Note: When calculating the hash, you can also calculate the number of map entries, as property lines all begin with an uppercase ASCII letter (A-Z, codes 65 to 90). In other words, the number of lines that begin with a lowercase hex digit (0-9, codes 48 to 57, or a-f, codes 97 to 102) is the number of memory regions described.


Of the functions provided by the C library, mmap(), munmap(), mremap(), madvise() (and posix_madvise()), mprotect(), malloc(), calloc(), realloc(), free(), brk(), and sbrk() may change the memory mappings (although I'm not certain this list contains them all). These library calls can be interposed, and the memory region list updated after each (successful) call. This should allow an application to rely on the memory region structures for accurate information.

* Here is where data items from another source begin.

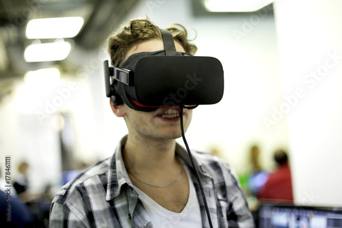 headset, high technology, goggles, life events, entertainment, excited, innovation, modern, white, young, virtual, reality, enjoying, technology, device, activity, tech, three-dimensional, startup, video, amazement, display, wearable, alone, simulation, vision, video game, gear, caucasian, male, equipment, game, contraption, futuristic
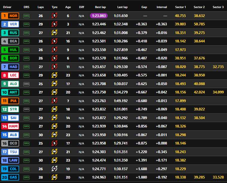 Dalla quarta posizione alla sesta sono tutte sorprese. Oliver Bearman, appunto, è quarto con la Haas a poco più di quattro decimi dal tempo di Norris. Alle sue spalle, sempre entro il mezzo secondo, troviamo addirittura le due Sauber di Nico Hulkenberg e Gabriel Bortoleto, con il team svizzero alla sua ultima gara della storia prima di diventare Audi.
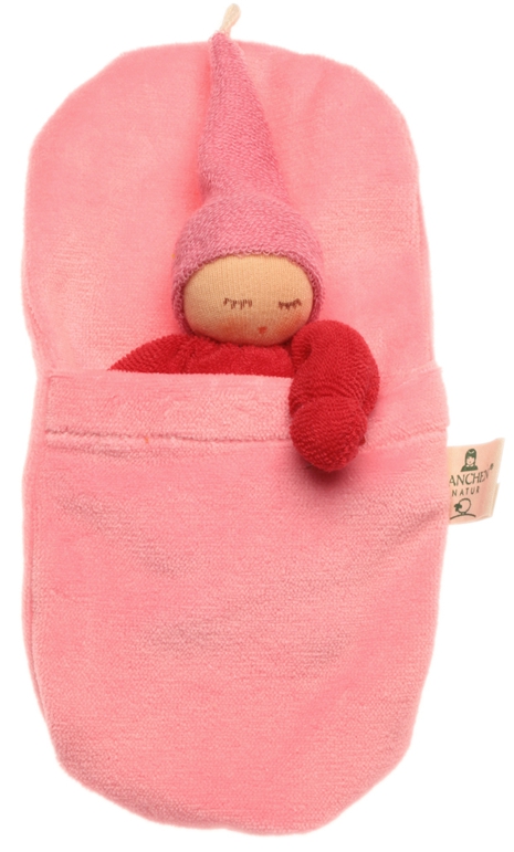 Der rote Wichtel im rosa Schlafsack ist eine erste Schmuse- und Kuschelpuppe aus kontrolliert biologischer Baumwolle von Nanchen. Und der kuschelige Schlafsack ist gleich mit dabei. Die Augen des Wichtels sind geschlossen.
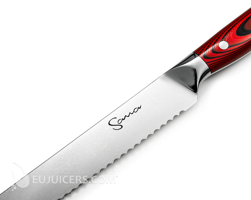 Le couteau à pain Sana de 20 cm en acier damas est conçu avec expertise à partir de 67 couches d’acier damas, enveloppant un noyau en acier VG10. Cette fabrication garantit une extrême netteté, une durabilité exceptionnelle du fil, ainsi qu’une excellente résistance à la corrosion.
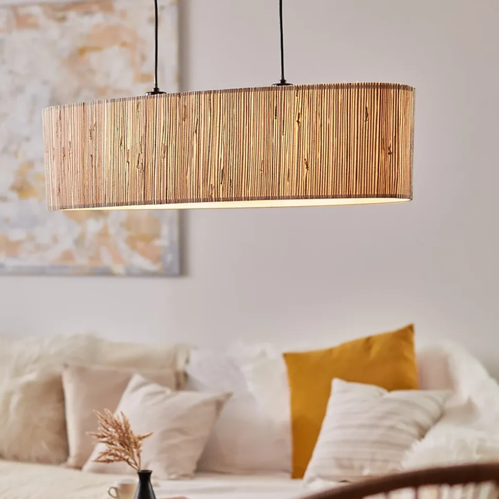 La suspension WIMEA noir/naturel est un luminaire élégant qui associe métal et jonc de mer pour un rendu naturel et chaleureux. Elle est équipée de deux douilles E27, compatibles avec des ampoules LED ou classiques jusqu’à 52W. Son design épuré et sa finition naturelle lui permettent de s’intégrer parfaitement dans des intérieurs contemporains ou rustiques. Les suspensions sont le point central de chaque pièce. Elles conviennent particulièrement comme éclairage au-dessus des canapés et des tables à manger. La particularité de cette lampe réside essentiellement dans la matière dont elle est fabriquée : jonc de mer. Elle fait partie des matériaux les plus durables. Le jonc de mer pousse rapidement et peut être cultivé sur des surfaces qui, par exemple, ne conviennent pas à la culture alimentaire, ce qui permet une utilisation très efficace des terres disponibles. Visuellement, le jonc de mer est également un véritable accroche-regard et apporte un peu de nature dans vos espaces de vie. Les ampoules ne sont pas incluses dans la livraison. La lampe est conçue pour être utilisée avec des lampes normales. Des ampoules LED peuvent être utilisées sans problème. La lampe est dimmable si des ampoules appropriées sont utilisées. Le matériel de montage nécessaire est inclus.
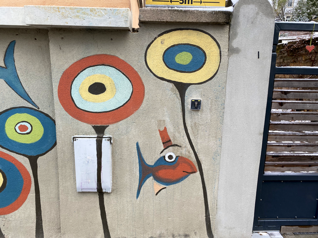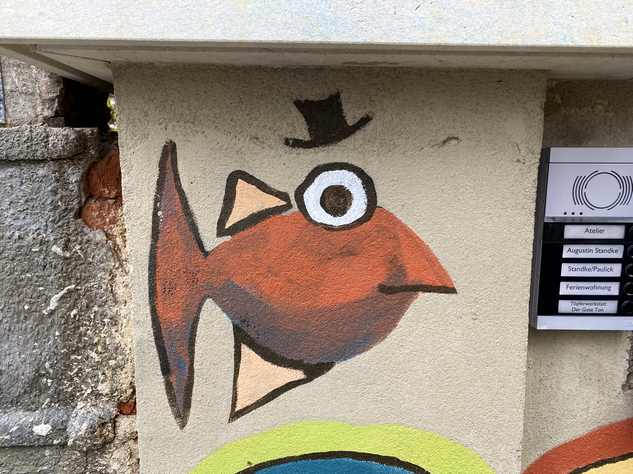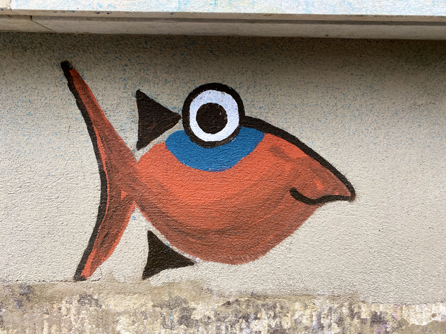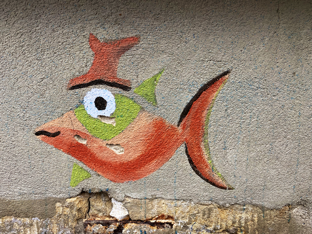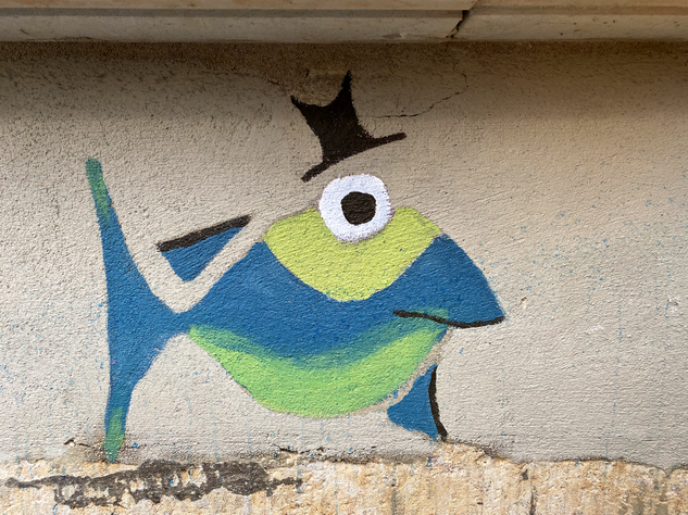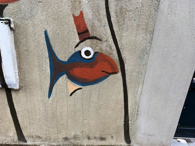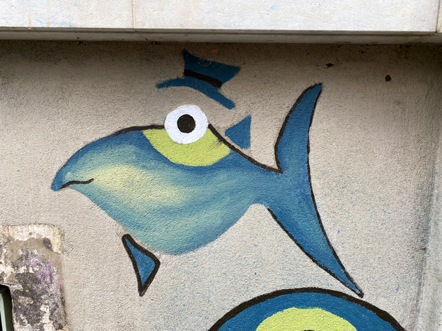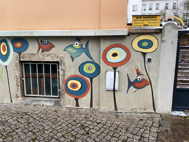 Streetart muss nicht immer krass sein. Streetart kann auch einfach schön sein. Ein Beispiel dafür sind die lustigen, „behüteten” Fische auf der Prießnitzstraße in der Dresdner Neustadt. Ein Haus ist über und über mit diesen lustigen Gesellen bemalt.

Personally, I would create this facility as a preload library (loaded using LD_PRELOAD). That allows easily interposing the above functions with just a few lines of code: the interposed function calls the original function, and if successful, calls an internal function that reloads the memory region information from /proc/self/smaps. Care should be taken to call the original memory management functions, and to keep errno unchanged; otherwise it should be quite straightforward. I personally would also avoid using library functions (including string.h) to parse the fields, but I am overly careful anyway.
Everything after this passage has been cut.